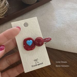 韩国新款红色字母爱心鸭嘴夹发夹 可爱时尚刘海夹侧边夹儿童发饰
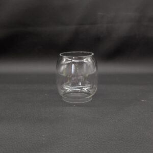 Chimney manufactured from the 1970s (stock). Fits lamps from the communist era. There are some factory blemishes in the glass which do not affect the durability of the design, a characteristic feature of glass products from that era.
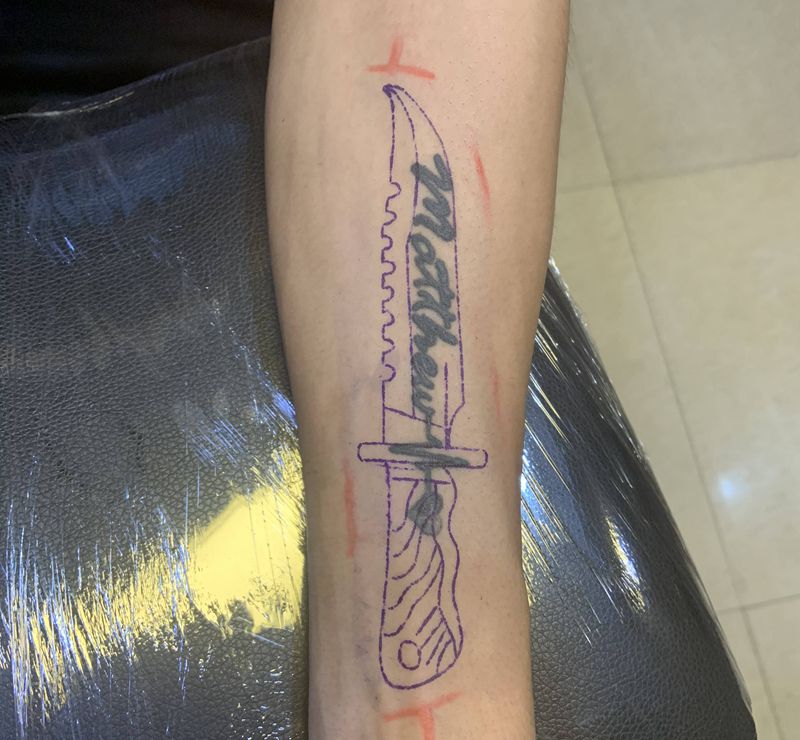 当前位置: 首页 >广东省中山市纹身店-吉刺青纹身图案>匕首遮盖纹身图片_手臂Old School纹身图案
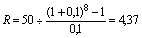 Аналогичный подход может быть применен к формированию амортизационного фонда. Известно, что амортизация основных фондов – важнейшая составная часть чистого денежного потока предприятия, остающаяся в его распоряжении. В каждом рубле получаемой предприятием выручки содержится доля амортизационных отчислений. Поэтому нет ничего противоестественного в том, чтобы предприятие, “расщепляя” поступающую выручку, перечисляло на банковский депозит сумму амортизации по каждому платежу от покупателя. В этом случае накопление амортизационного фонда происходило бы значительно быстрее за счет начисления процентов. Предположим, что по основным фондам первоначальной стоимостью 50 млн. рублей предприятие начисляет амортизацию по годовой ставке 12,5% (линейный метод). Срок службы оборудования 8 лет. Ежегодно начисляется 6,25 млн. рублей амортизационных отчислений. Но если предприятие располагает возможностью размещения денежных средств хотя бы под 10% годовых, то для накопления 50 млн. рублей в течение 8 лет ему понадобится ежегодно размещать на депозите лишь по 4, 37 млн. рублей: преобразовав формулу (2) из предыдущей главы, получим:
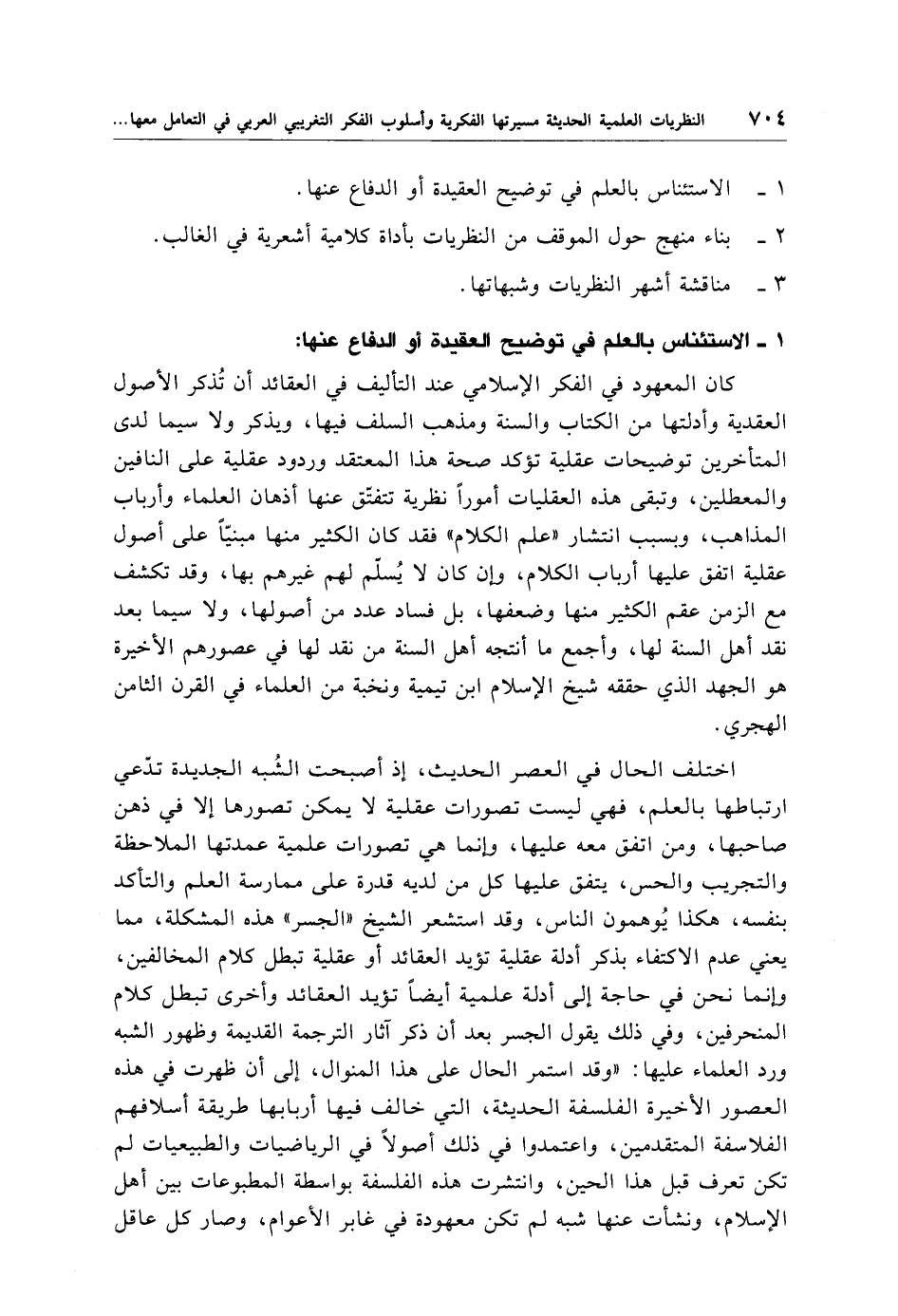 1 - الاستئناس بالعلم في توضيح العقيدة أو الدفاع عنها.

..........

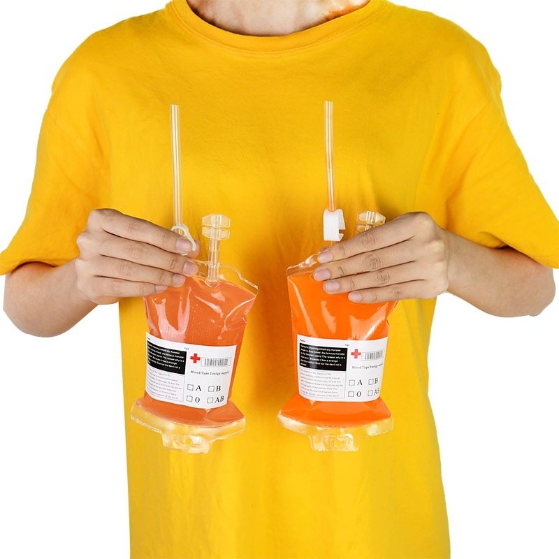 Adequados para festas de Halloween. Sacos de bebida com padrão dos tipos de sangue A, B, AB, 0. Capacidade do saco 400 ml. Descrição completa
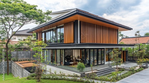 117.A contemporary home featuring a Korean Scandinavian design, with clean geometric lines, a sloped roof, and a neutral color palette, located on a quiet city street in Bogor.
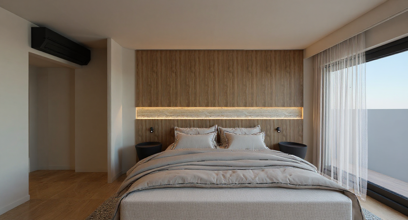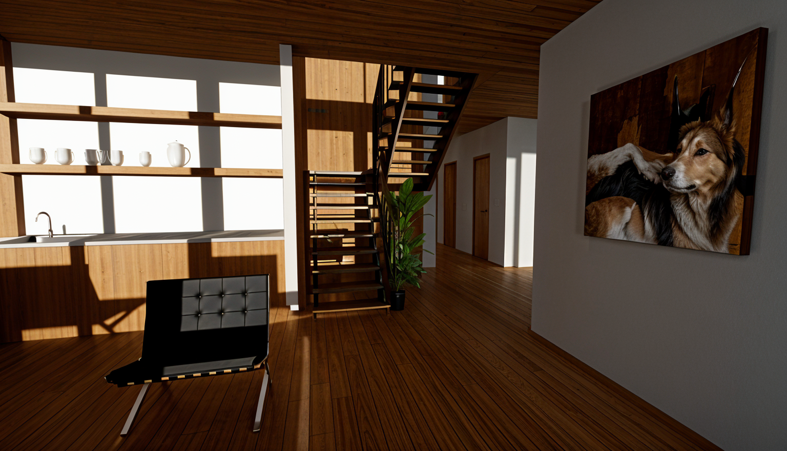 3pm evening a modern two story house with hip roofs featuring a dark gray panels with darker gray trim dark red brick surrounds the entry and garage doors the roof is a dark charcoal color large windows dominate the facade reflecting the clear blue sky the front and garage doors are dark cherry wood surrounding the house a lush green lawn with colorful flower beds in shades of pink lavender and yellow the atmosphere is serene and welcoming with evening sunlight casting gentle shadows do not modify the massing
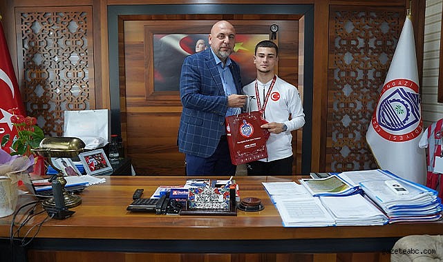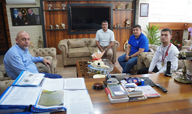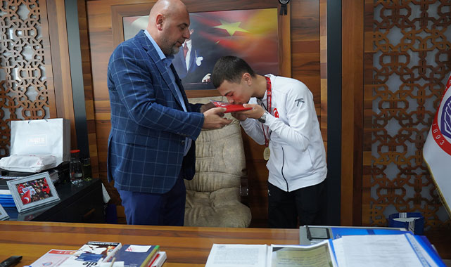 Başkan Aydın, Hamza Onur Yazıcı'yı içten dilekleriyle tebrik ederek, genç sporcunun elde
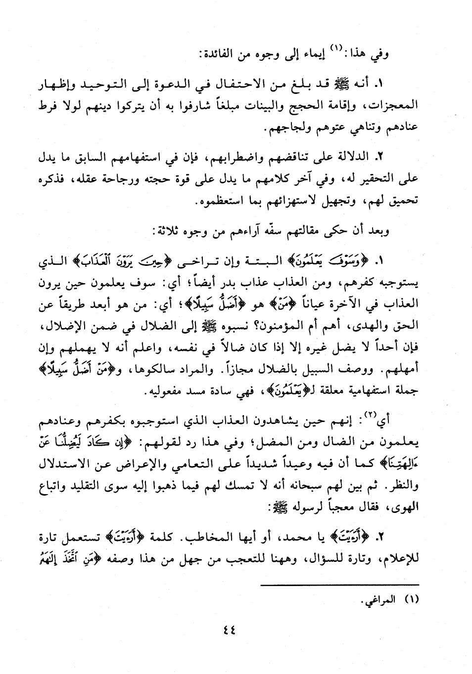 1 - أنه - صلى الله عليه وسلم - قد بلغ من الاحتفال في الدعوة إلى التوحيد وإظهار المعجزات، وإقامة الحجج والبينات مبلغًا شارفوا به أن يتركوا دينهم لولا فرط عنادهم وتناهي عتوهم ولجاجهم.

..........

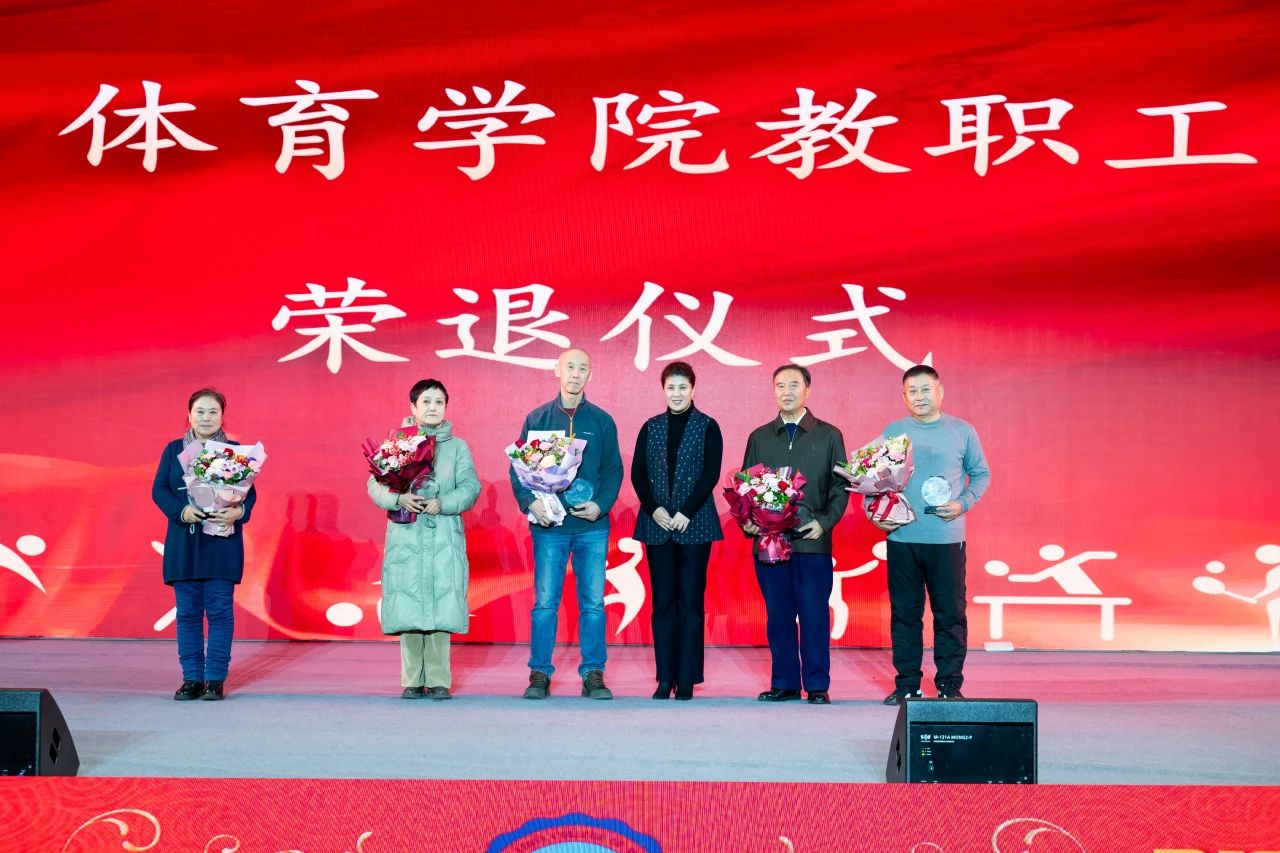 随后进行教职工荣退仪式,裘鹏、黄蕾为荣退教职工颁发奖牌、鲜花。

..........

**Aim of the task**. Please output the lines above beginning at the line with "韩国新款红色字母爱心鸭嘴夹发夹 可爱时尚刘海夹侧边夹儿童发饰" and ending after the line with "当前位置: 首页 >广东省中山市纹身店-吉刺青纹身图案>匕首遮盖纹身图片_手臂Old", precisely as written and with no pictures.

**Exercise solution**.
 韩国新款红色字母爱心鸭嘴夹发夹 可爱时尚刘海夹侧边夹儿童发饰
 Chimney manufactured from the 1970s (stock). Fits lamps from the communist era. There are some factory blemishes in the glass which do not affect the durability of the design, a characteristic feature of glass products from that era.
 当前位置: 首页 >广东省中山市纹身店-吉刺青纹身图案>匕首遮盖纹身图片_手臂Old School纹身图案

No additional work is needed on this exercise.